An extensive renovation of State began in November 2004. The project added accessible Blue Line entrances at 53 State and 60 State, extended the Blue Line platforms for 6-car trains, and added a ramp between the inbound Blue Line platform and the northbound Orange Line platform. The MBTA initially expected the work to be completed in 2007 at a cost of $38 million. However, several factors prolonged the project and increased its cost. Keeping the station open during extensive underground construction proved more difficult than expected; support structures had to be drilled through centuries-old foundations and seawalls. The MBTA settled a lawsuit over systemwide accessibility issues in 2006, which necessitated changes to the station design. The settlement included the replacement of the existing elevator connecting the two platform levels.

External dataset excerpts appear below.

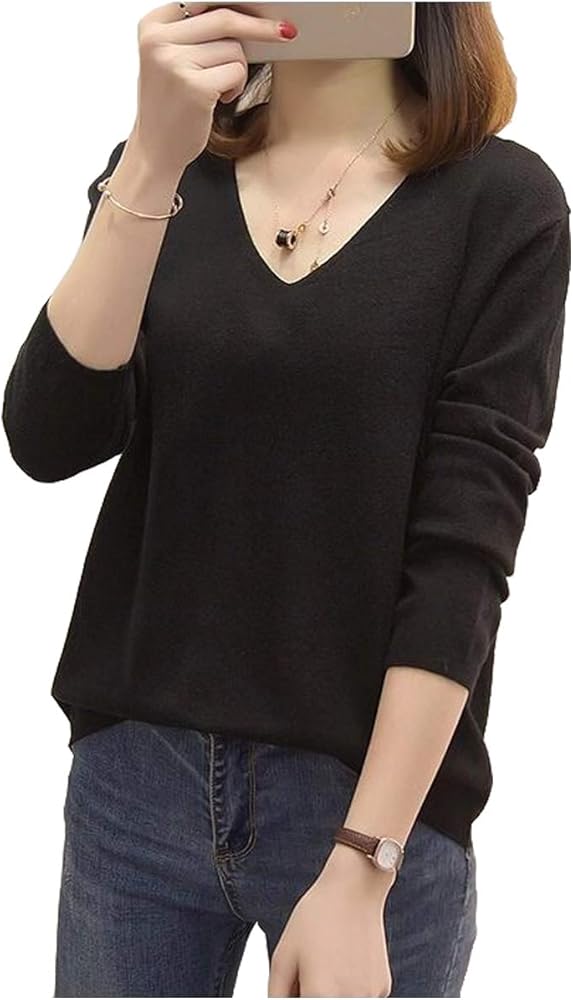 Mua もえみ Vネック ニット レディース トップス セーター 肩出しネック インナー Tシャツ 黒 冬 ゆったり 柔らか 清楚 防寒 仕事 仕事服 会社 専門 事務服 女性 ニットセーター カシミヤ プルオーバー ニットトップス カジュアル リブニット 無地 長袖 春秋冬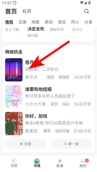 1、在长佩文学城书城页面,点击目标小说,进入书籍详情界面。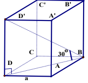 có đáy ABCD là hình vuông cạnh a, đường chéo $BD^{'}$ hợp với đáy ABCD một góc $30^{\circ}$. Tính thể tích của lăng trụ.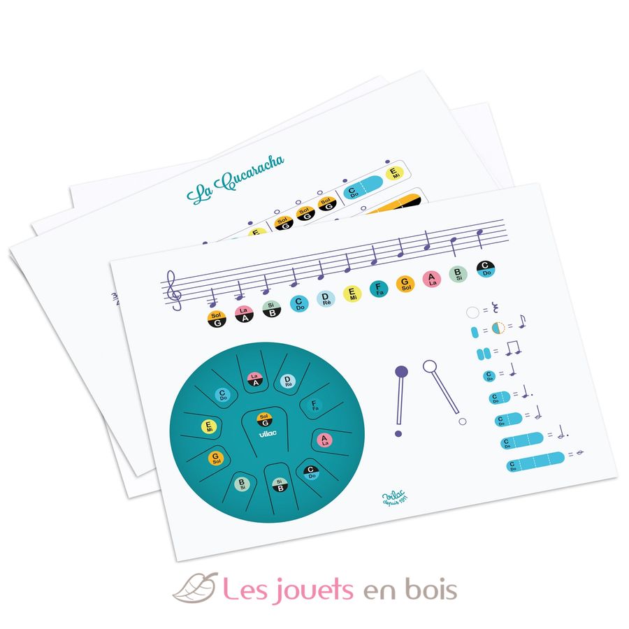 Con un diametro di 20 cm, è dotato di due bacchette e 14 spartiti musicali creati appositamente per questo strumento, consentendo ai bambini di suonare una varietà di melodie rilassanti e intuitive senza alcuna conoscenza musicale pregressa.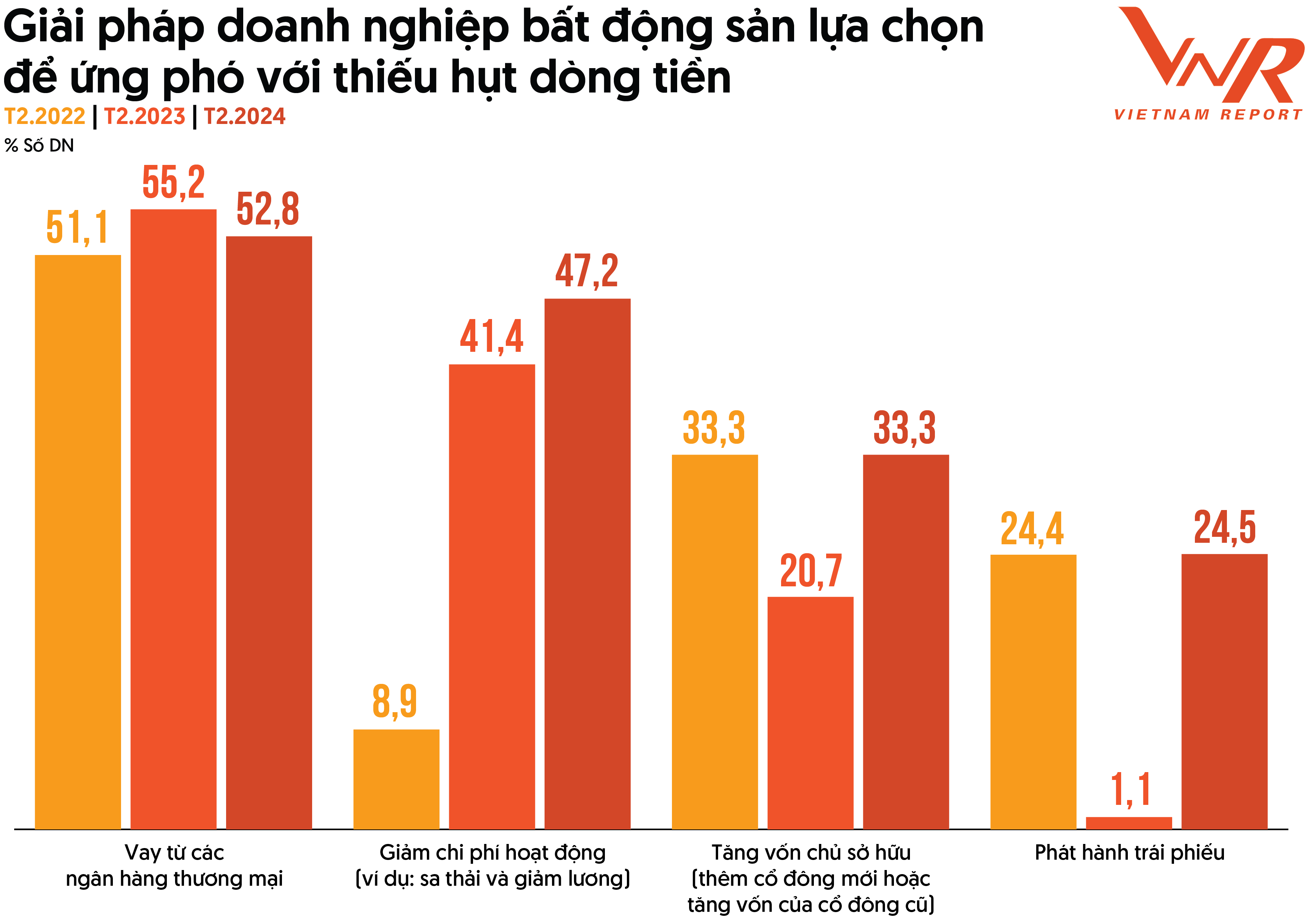 Nguồn: Vietnam Report, Khảo sát doanh nghiệp Bất động sản, T háng 2/2022, tháng 2/2023 và tháng 2/2024
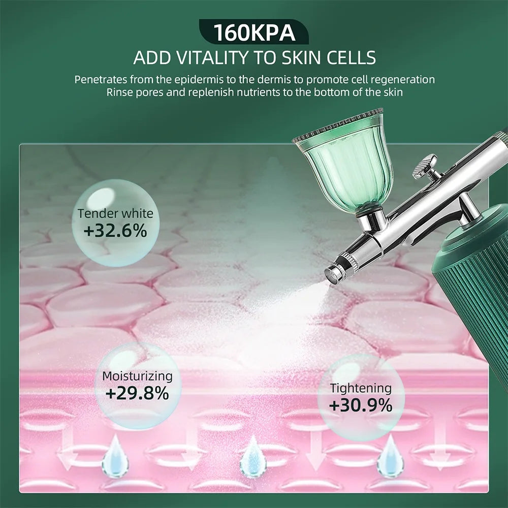 - Beauty & Skincare – Delivers mist for deep hydration, serum absorption, and flawless airbrush makeup.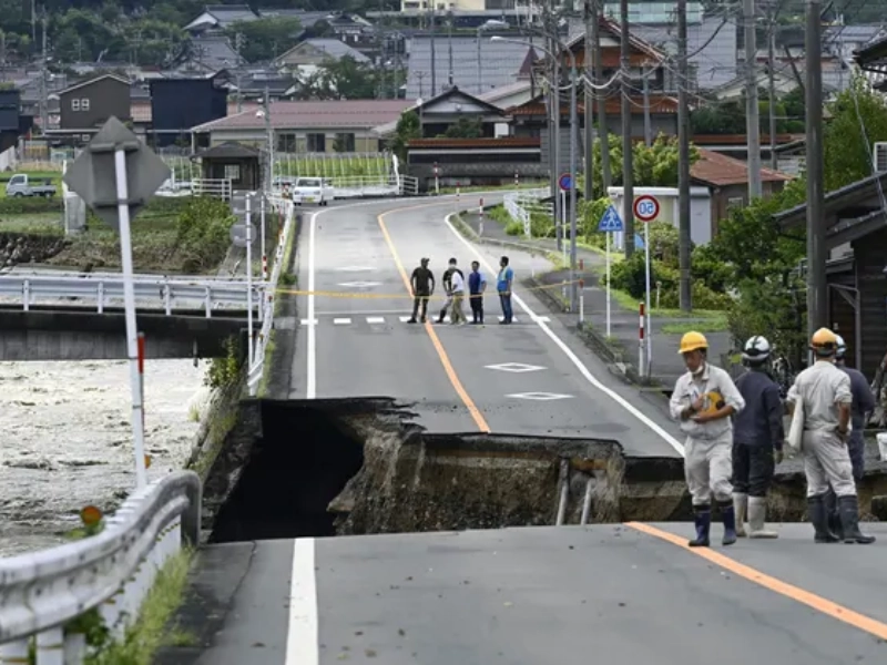 Arbeiter stehen auf einer eingestürzten Straße, nachdem der Taifun Lan das Gebiet getroffen hat

The change from token payment to the Charliecard system required closing the Blue Line level of the station from June 24 to July 1, 2006. A new between-levels elevator was completed in 2010 in lieu of replacing the existing elevator. The reconstruction of the station was substantially completed in 2011, with a ribbon-cutting ceremony on May 26. The final project cost was $68.3 million, of which about $12 million was design and land acquisition. In October 2011, a 1904 plaque that marked the completion of the East Boston Tunnel was reinstalled in the station.

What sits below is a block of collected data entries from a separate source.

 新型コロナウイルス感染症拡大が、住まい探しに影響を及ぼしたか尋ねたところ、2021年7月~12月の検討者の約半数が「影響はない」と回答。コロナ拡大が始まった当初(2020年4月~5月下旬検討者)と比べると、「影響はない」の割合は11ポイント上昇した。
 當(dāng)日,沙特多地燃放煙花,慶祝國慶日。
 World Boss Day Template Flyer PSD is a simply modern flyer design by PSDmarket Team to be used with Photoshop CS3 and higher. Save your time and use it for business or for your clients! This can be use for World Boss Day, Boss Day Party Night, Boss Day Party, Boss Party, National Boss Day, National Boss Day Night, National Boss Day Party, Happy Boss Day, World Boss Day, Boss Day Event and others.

On June 24, 2019, the MBTA Board awarded a $29.7 million, 16-month contract for full cleaning, wayfinding signage replacement, and other improvements at North Station, Haymarket, State, and Downtown Crossing stations. The work was completed in June 2021. The entire Orange Line, including the Orange Line platforms at State station, was closed from August 19 to September 18, 2022, during maintenance work. A "Charlie Service Center" for MBTA customer service opened near the Old South Meeting House entrance on July 29, 2024, replacing the former CharlieCard Store at Downtown Crossing station.

In May 2020, the MBTA awarded a $8.7 million design contract for accessibility renovations at State and . The work at State includes two elevators at the City Hall entrance, replacements of two existing elevators, and renovation of the Milk Street entrance. Design work reached 30% completion in 2021 and 75% completion in 2022. In a separate project, the original between-levels elevator was replaced in situ in 2023.